I raise a brow. I try to speak, but can't. My throat is so dry... God, I'm so thirsty, I'm going to die of it. Weak, trembling hands reach out to him. I point to the cup of water I've just now noticed on the side table and make a sort of pleading sound.
He scowls, but gets up and hands me the cup. I try to grip it, but it drops, and he catches it before it falls, saving most of the water with an odd sort of detachment. His blank eyes watch as I drink carefully, blessing the cool fluid as if it were the ambrosia of heaven.
"More," I croak, and he gives me a second glass.
When I finish, he puts the cup back down and marches back to his chair, glaring at me as if I'd just tried to kill myself.
I laugh again. I can't help it.
I look down at my arms and notice the red slashes still bleeding through the dressings. My skin is still a little stained and it itches, so I scratch at it. The tingle suddenly becomes a fire when I scratch it, burning, and I rub it, chafe at it, trying to get it to come off. My hands are so bloody, I realize, my hands are so stained...
I rub my hands raw until a different hand lands over them and forces me to stop. I look up into his blue-violet eyes of fire, my hands burning, my skin stained so red, so wrong, so bad, it itches. I try to scratch it again, but he forces my hands apart and shakes his head.
I growl and shove him away, but I'm too weak and he overpowers me.
"What it is with you and your hands?" he asks me in a low breath of fury. He hates me because I've hurt myself, and I duck my head in shame. I don't answer because I can't remember why.
"Answer me, damnit!" He shakes me, his voice quivering slightly. I look up, stunned, and notice how wet his eyes are. I lift a hand, unwinding it out from under his grip, and trail up his jaw, tracing his eyes.
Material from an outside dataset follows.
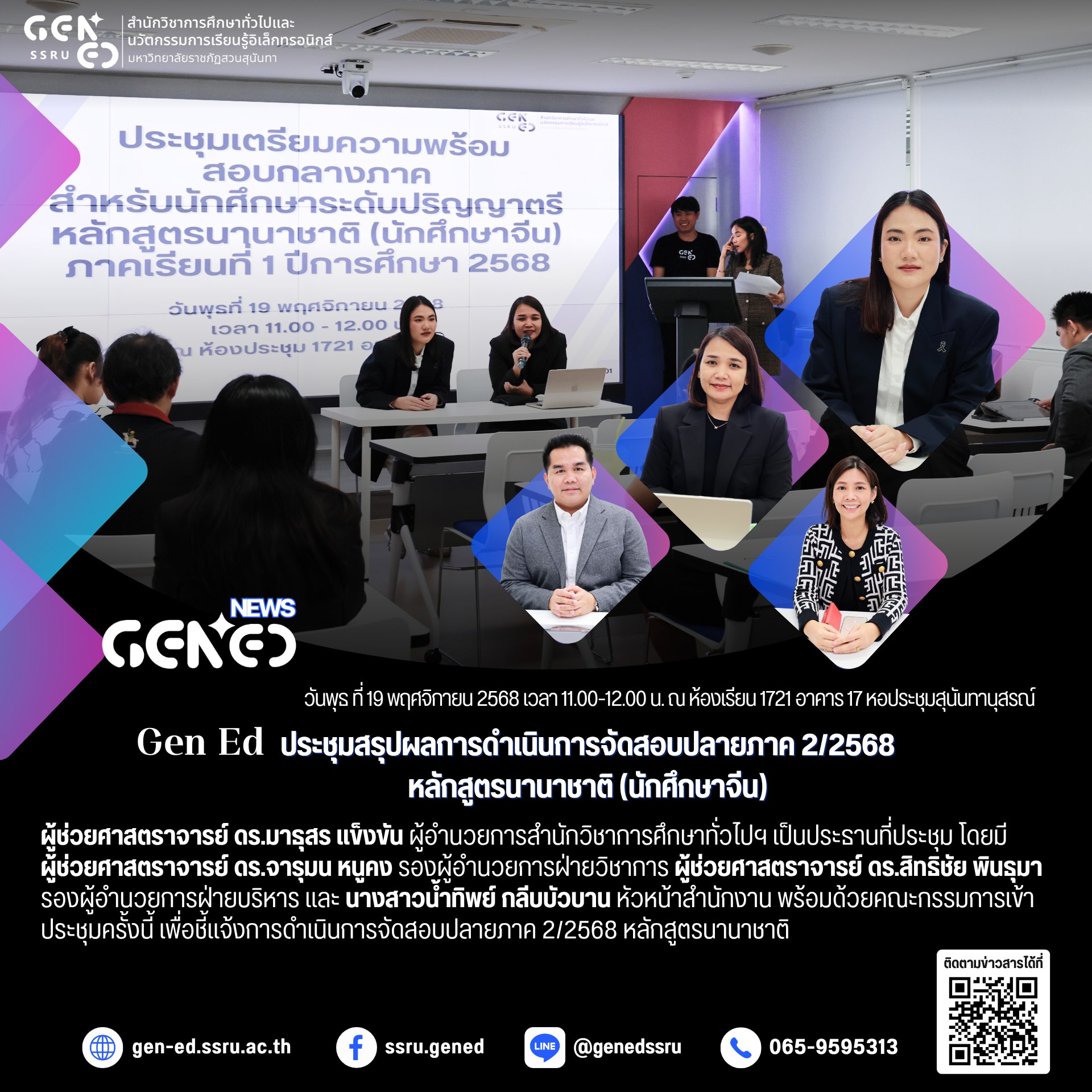 สำนักวิชาการศึกษาทั่วไปและนวัตกรรมการเรียนรู้อิเล็กทรอนิกส์ประชุมสรุปผลการดำเนินการจัดสอบปลายภาค 2/2568 หลักสูตรนานาชาติ (นักศึกษาจีน)

My own eyes are burning again from the pain of my itching hands, my hands stained, so red, itching... I lean up and I kiss him.
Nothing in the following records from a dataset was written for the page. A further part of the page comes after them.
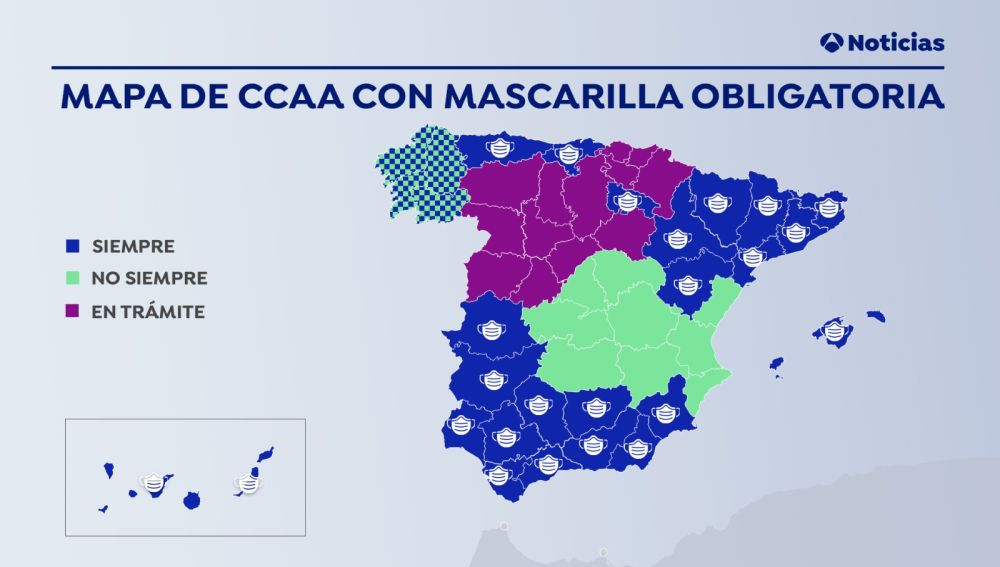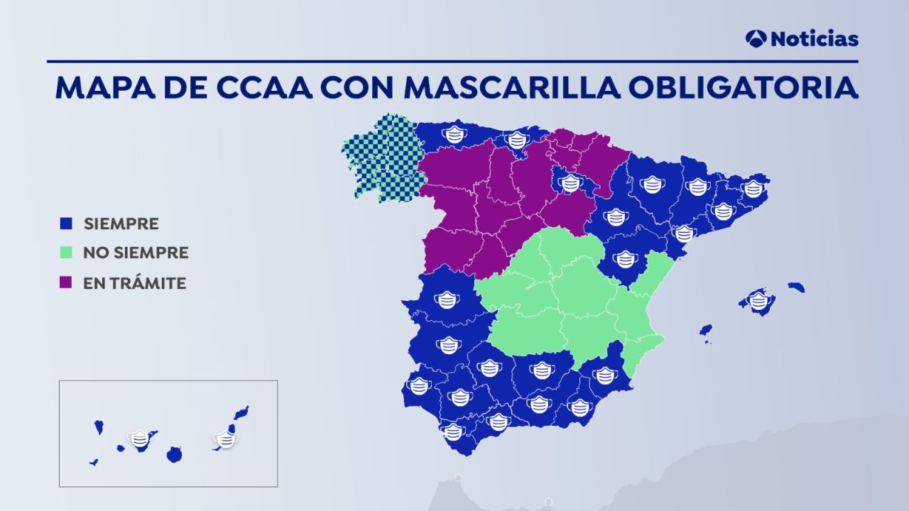 Casi todas las autonomías han impuesto la utilización de las mascarillas aunque se pueda mantener la distancia social. No obstante, Madrid, Castilla-La Mancha y la Comunidad Valenciana no han aplicado dicha norma hasta el momento.
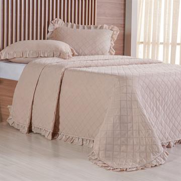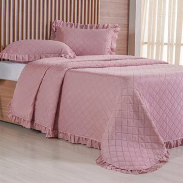 O Kit Colcha Frufru king é perfeito para quem ama detalhes que fazem a diferença. Com babados aplicados nas barras e nos porta-travesseiros, ele traz um toque de elegância e romantismo, transformando sua cama no destaque da decoração.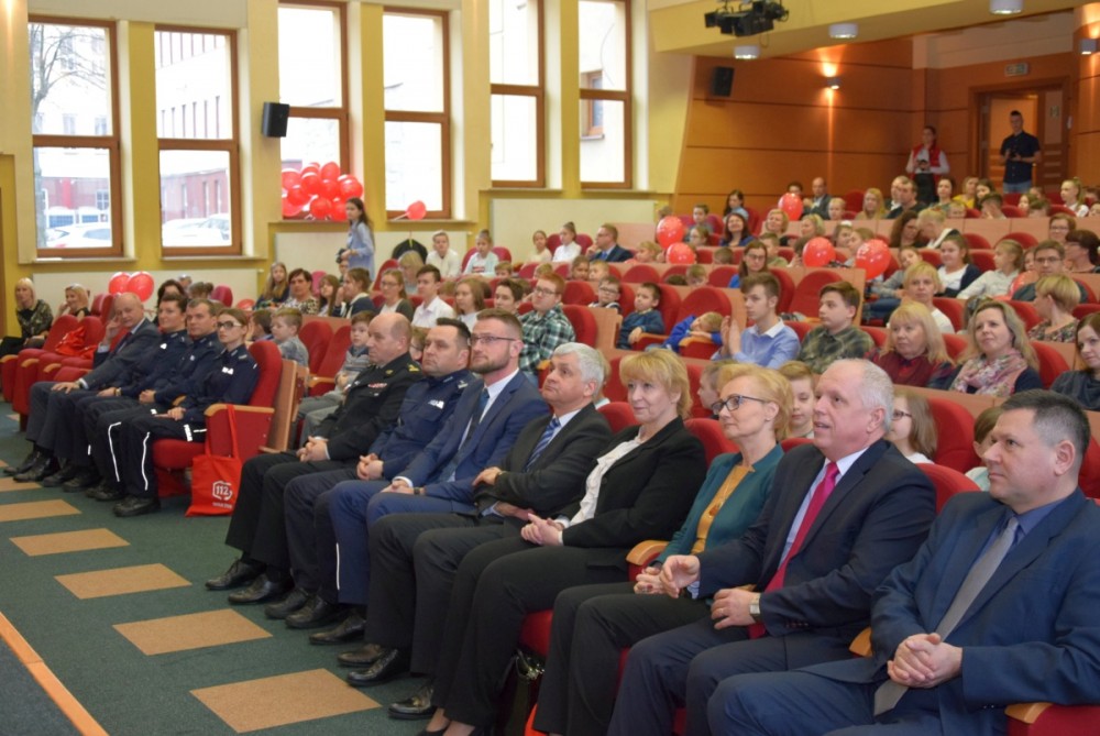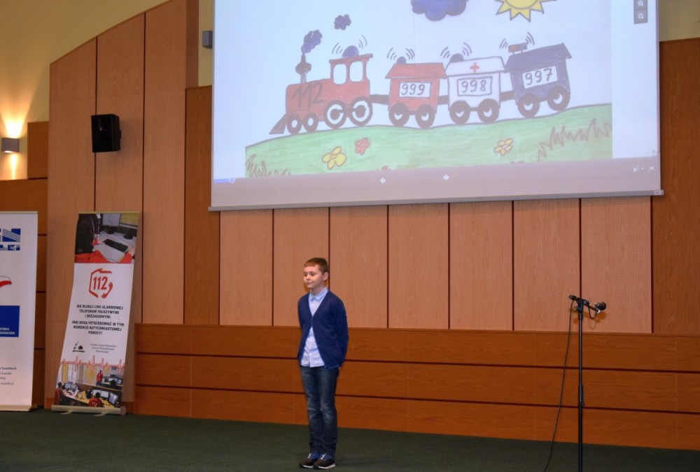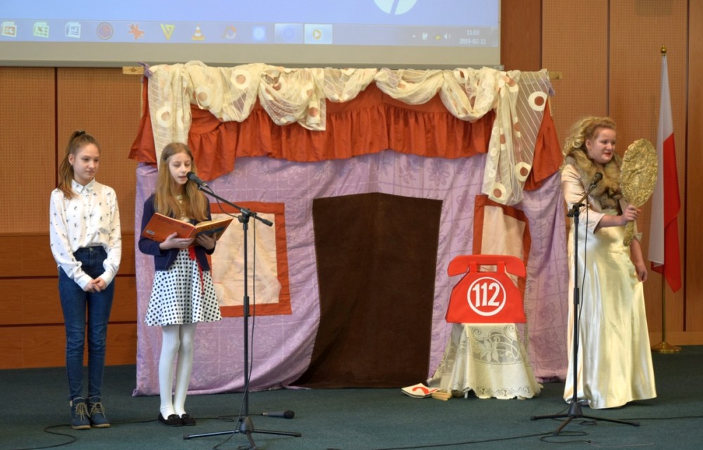 W dalszej części można było obejrzeć dwie najlepsze nagrodzone w konkursie inscenizacje. Najpierw uczniowie klasy V Szkoły Podstawowej im. Bohaterów Monte Cassino w Jasionówce zaprezentowali inscenizację pt. “Śnieżka w opałach – 112 działa!”, a po nich uczniowie klasy VIII Szkoły Podstawowej w Płocicznie-Tartak, przypomnieli zgromadzonym zasady właściwego korzystania z numeru alarmowego 112. Razem z młodzieżą wystąpił p. Piotr Hryniewicki – operator numeru alarmowego 112, który w dalszej części opowiedział o pracy operatorów Centrum Powiadamiania Ratunkowego w Białymstoku.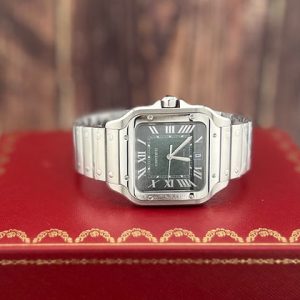 Relax on the Carolina shores with this new/never worn Santos de Cartier - hard to find green dial in large. compare at online prices at $8450-9450 Model: WSSA0062 Year:2023 Size: 39.8mm Case Material: steel Bracelet: steel Movement: Must de Cartier Automatic Includes: inner/outer box, booklets, warranty card, hangtags - additional aligator green strap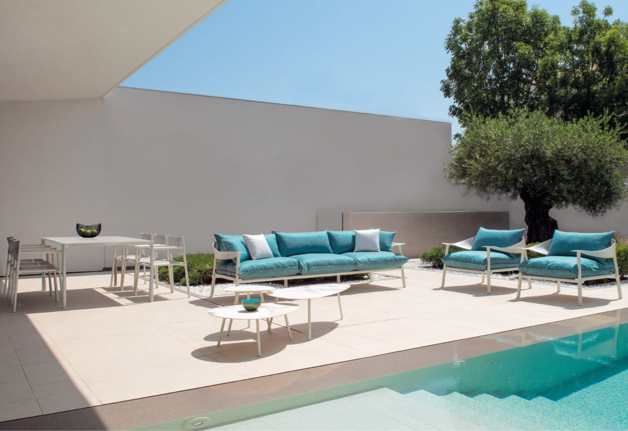 Salon de jardin en aluminium avec coussins à mémoire de forme, par Chiaramonte Marin pour EMU. Prix : 3285 euros le sofa trois places et 1455 euros la chauffeuse. Où l'acheter ? www.rbcmobilier.com

I don't know why, I just do it. Distraction, I think dully, I just need a little distraction. I rub my hands in that distraction, scratching the cuts under the bandages before he pulls them away again. With a glare, I say, "I'm not a cutter."
He barks a cruel laugh. "Then what are you, Zechs?"
"Stained," I answer.
He just looks at me. I can't tell what he's thinking.
He takes my right hand and opens my palm carefully. He traces the red mark of the cut seeping into the bandage and I hiss as he presses into it slightly, watching it bleed. Then he lifts it to his face and kisses it, his eyes gone very dark as he speaks softly. "I'll leave you if you do this again."
I shake my head, in denial. I don't want that. I like this man. He's special.
I won't let him go.
But he's serious and I know it. He lays my hand down, and pushes me back into the pillows. He orders me to sleep. He tells me we'll talk about it later.
I have dreams of red, I have terrible nightmares... my hands itch so badly that I scratch the skin away, digging under my very bones to kill it, to hurt it. I scream. I wake, and he's there, and I fall asleep again.
I have dreams of blue-violet, and I sleep peacefully, the red gone, washed away. He tells me in my dreams that he'll fix it, and make it better.
He washes my hands, and the red is gone.
Gone until tomorrow... gone until I bleed again.